Ещё раз сжала мячик в кукиш дедушке под носом, жуя слова, шепнула ртом ко рту:
– Ни чёрту и ни богу не отдам, Данило, слышишь, слышал? Ни чёрту и ни богу. Никому.
Густели запахи цветов, втекали на веранду, как будто запах их и есть они, их странный странствующий воздух вздохом наполняет тело; твоё, воды, кургана, сада, темноты. Цветы шептали – спи, и мы придём к тебе во сне другими.
Как будто мамина рука в полсон коснулась лба, и он зашевелил губами, окликая: «Мама?» – узор от тени занавески на стене. Усни. И в воздухе вечернем звёзды глубоко и близко. Вот там фонарь, вот тут звезда, под кругом лампы мотыльки, а небо низко, ниже вышки, где ты был только что… но «был» прошло, и время шевелило, приближало, смешивало память – горячий летний жар, арбуз, компот холодный, Дергунову, ленточку на вышке… «Ты чё, курил? Совсем дебил?», «я здесь была» и «я здесь был». Луна росла, скрипели прутья, мяч пищал, дед повторял «бы-ба-бы-бы».
Какой был ясный, длинный, бесконечный день, пространство смены тысячи картин живых и ярких, и ни одной не удержать, как будто маме нёс калейдоскопа показать картинку, но дрогнула рука, и там уже не та, а та ложится пылью, сухими листьями в саду. И этот серый цвет, когда по полочке буфетной пальцем проведёшь, и есть – вчера? И есть – «ты был»? А пыль опять садится на буфет, заносит пальца след, и вот бы умереть, но как уснуть не навсегда, чтобы увидеть снова утро, когда устанешь спать, когда устанешь мёртвым быть.
И будет день ещё один, такой же долгий, ясный, такой же светлый, бесконечный день, и ночь придёт на смену, и кто-нибудь другой сменить тебя.
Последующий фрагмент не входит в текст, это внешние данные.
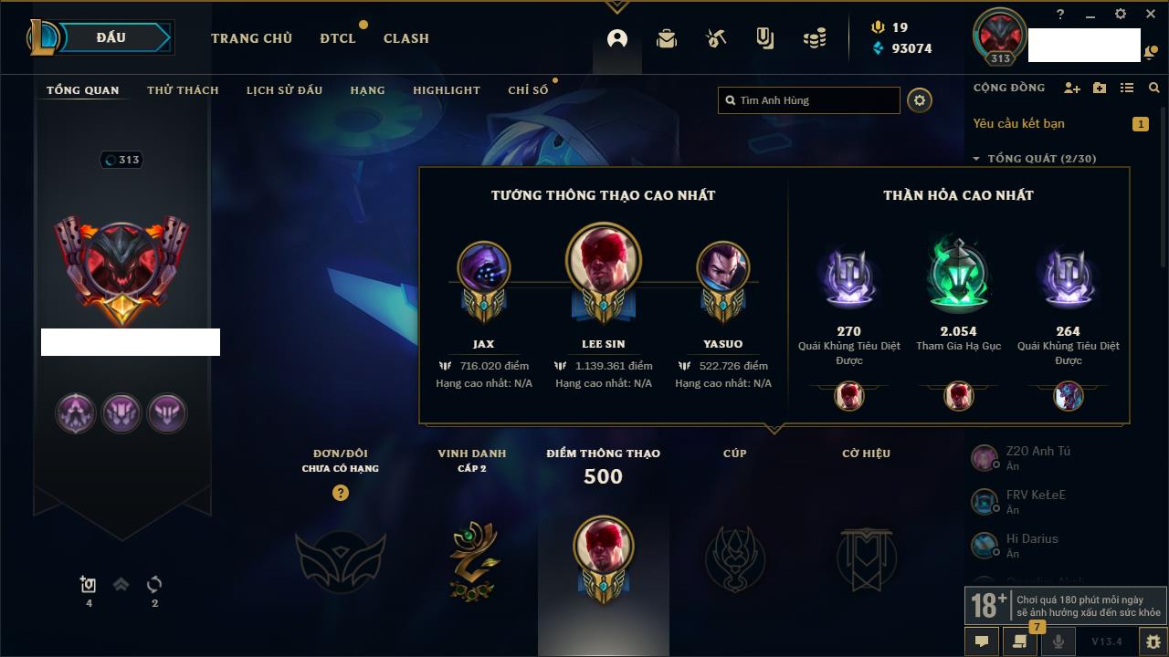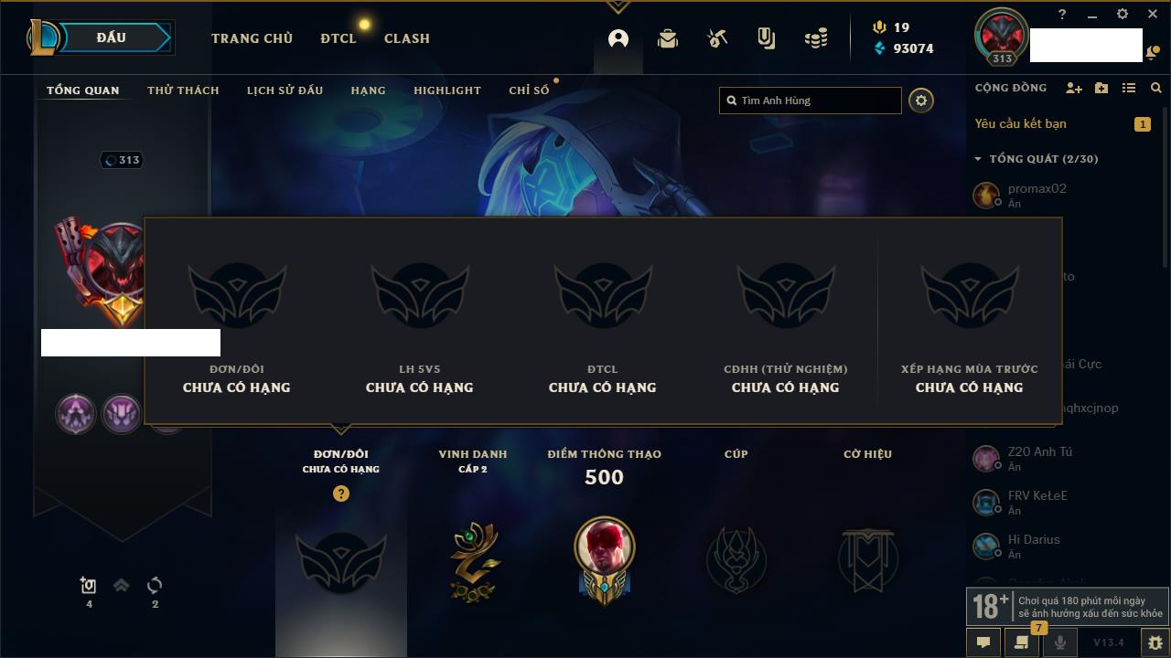 Rank Đơn: Sắt IKhung: SắtTướng: 171 - Còn 125789 THXTrang Phục: 151Rank ĐTCL: Đồng IIILinh Thú: 72

Закат. Обуглившись, чернеют треуголки крыш, ведёт с крыльца тропинка в темноту. Между дремучими стенáми зарослей малин фиалки открывают синие глаза, растрёпанные солнцем маргаритки гаснут, и маленькие яблочки-китайки падают в траву. С той стороны реки, издалека, невидного, как запахи и звуки, слепой художник превращает видимость в кошмар: чудовищ, горбунов, сороколих, рогульниц, водяниц, удавленников, ведьм, аук и леших…
– Чего аука, баб?
– По маме-то скучашь? Скучашь. Ну от, аука мамой-то окликнить, в болото Петю заведёть, де бабе не слыхать. С тобой в лесу-то ходить хто?
– Кто ходит?
– Баба ходить. А маму слышишь, то бяги. Придёть она во сне к тебе, с собой от бабы позовёть, так не ходи, перекрясти её, скажи: «Во имя сына, и отца, святого духа, я, мама, с божьей матерью пойду».
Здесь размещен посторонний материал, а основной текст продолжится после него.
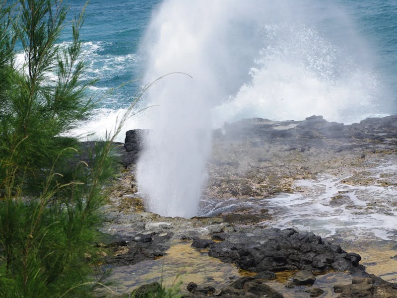 At the western end of the Poipu area is Spouting Horn. A lava tube channels water and air with each incoming swell, sounding a musical and guttural tone felt in the bones and shooting a powerful geyser into the breeze. It’s a rocky coast without a lifeguard. Best to watch and listen, as there is no sandy beach to lay out on or Ocean Safety personnel to look after you.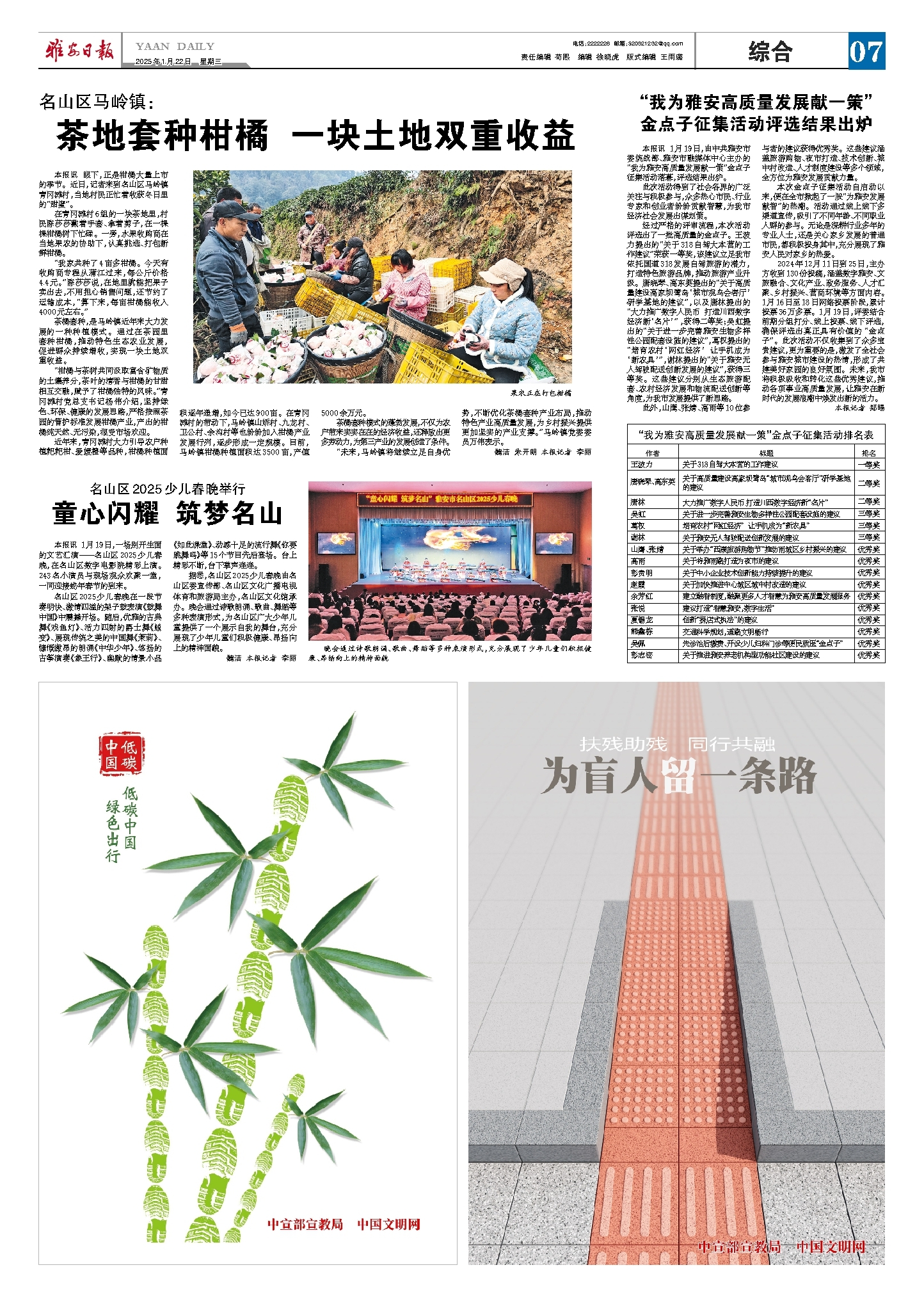 本报讯 1月19日,由中共雅安市委统战部、雅安市融媒体中心主办的 “我为雅安高质量发展献一策”金点子征集活动落幕,评选结果出炉。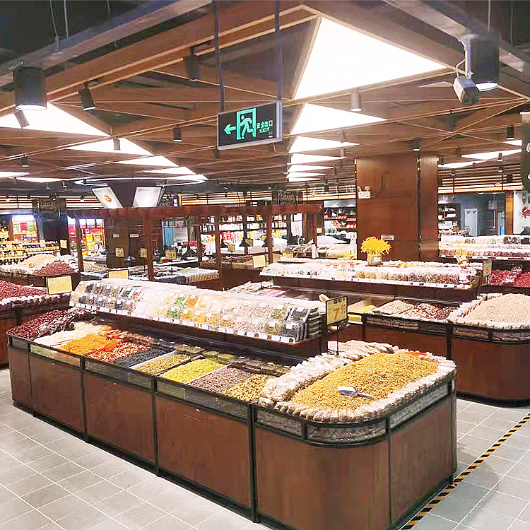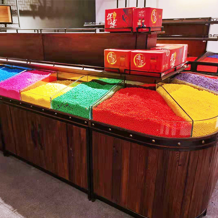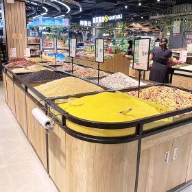 超市木制散裝貨架中島干貨展示架五谷雜糧柜干貨貨架價(jià)格支持定做

И точно знал, что, если мама позовёт, он с ней пойдёт, куда не позови.
– Скажи, што не пойдёшь, што дом её в земле, могила, пойдёшь – и будить баба утром Петю хоронить.
И пучеглазый водяной скользил подводным звёздным садом на соме, и лилия в пять пальцев восковых в воде бездонной зеркала цвела. В глухих лесах терялись огоньки, болота принимали сонным чаф-ф живое, и странным ужасом шаги к себе манила сгущённая ночная тишина.
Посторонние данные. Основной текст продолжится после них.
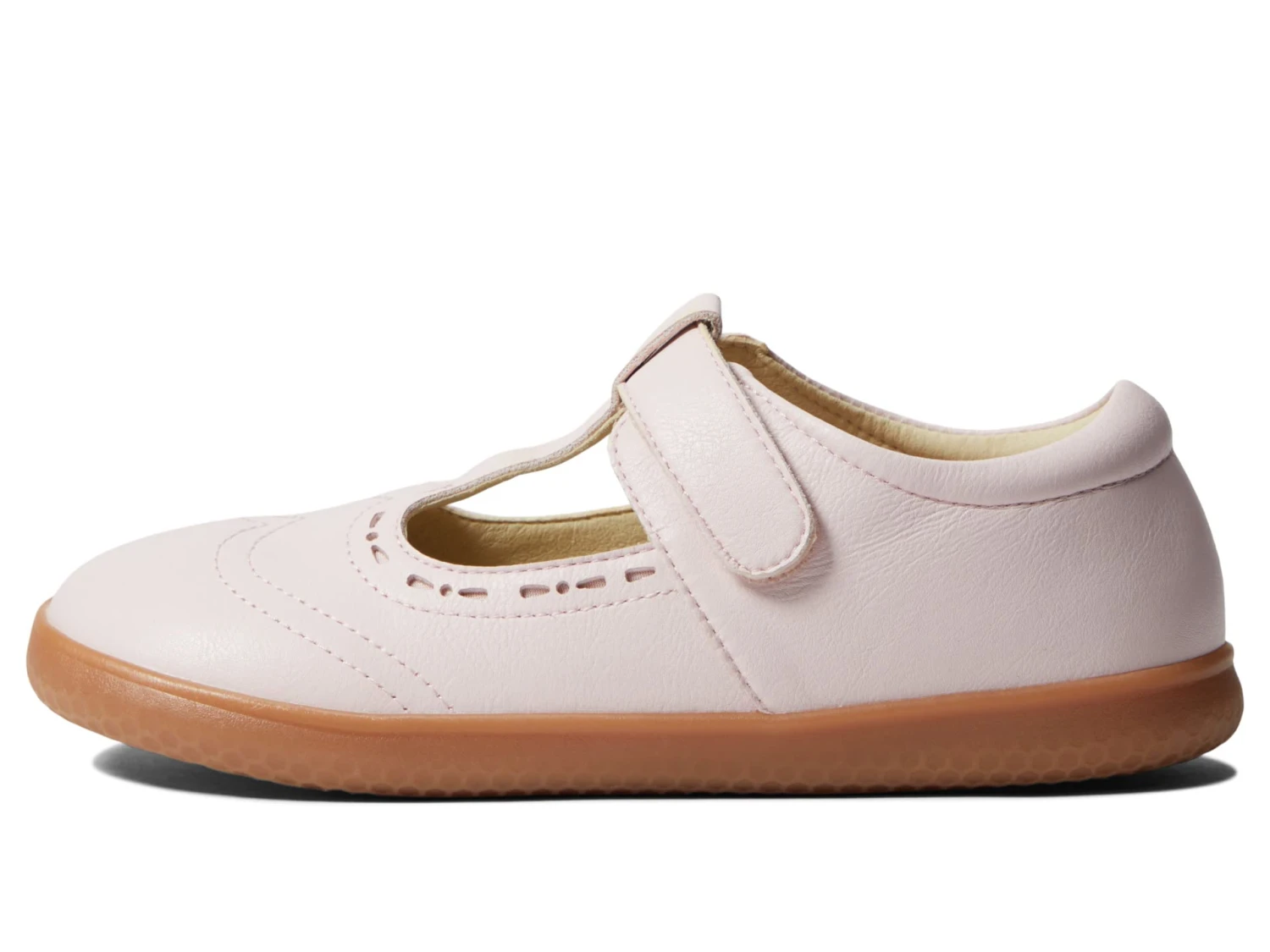 - T-strap with hook-and-loop closure.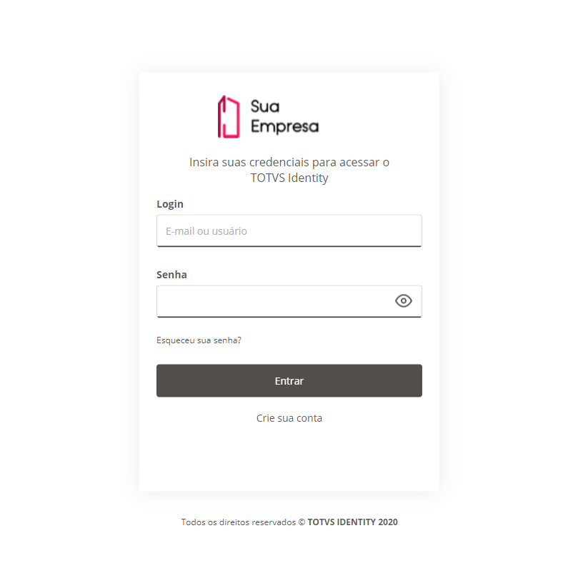 A página de login é o portal por onde as pessoas acessam a empresa no TOTVS Identity. Para acessar a página de login, informa-se o domínio da empresa na barra de endereços do navegador, por exemplo: https://suaempresa.fluigidentity.com.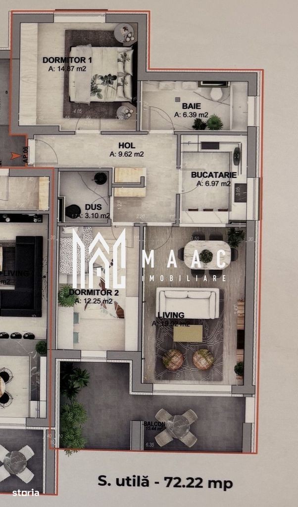 MAAC Imobiliare va propune spre vânzare un apartament la vilă cu 3 camere foarte aproape de zona industrială vest și aeroport Apartamentul este la cheie cu centrală proprie,încălzire în pardosea,parchet,băile cu geam, utilate complet și este compus din : Dormitor 1, 14.87 mp Dormitor 2, 12,25 mp Living, 19 mp Bucătărie, 6,97 mp Baie cu cadă și geam de aerisire, 6,39 mp Baie cu duș, 3,10 mp Hol, 9.62 mp Terasa, 15.44 mp Pentru mai multe detalii, precizați telefonic că ați văzut anunțul cu ID CP2852914

Над мягким телом рыбины-канала висела неподвижно круглая луна, и рыбина плыла, поблескивая фосфором чешуек, из темноты и в темноту, где хвост её будил слепые пузырьки навязшей тины, тяжёлые гранитные столбы, скелеты звёзд, изломанные косточки берёз, девичьи волосы кувшинок, в которых копошилась глубина.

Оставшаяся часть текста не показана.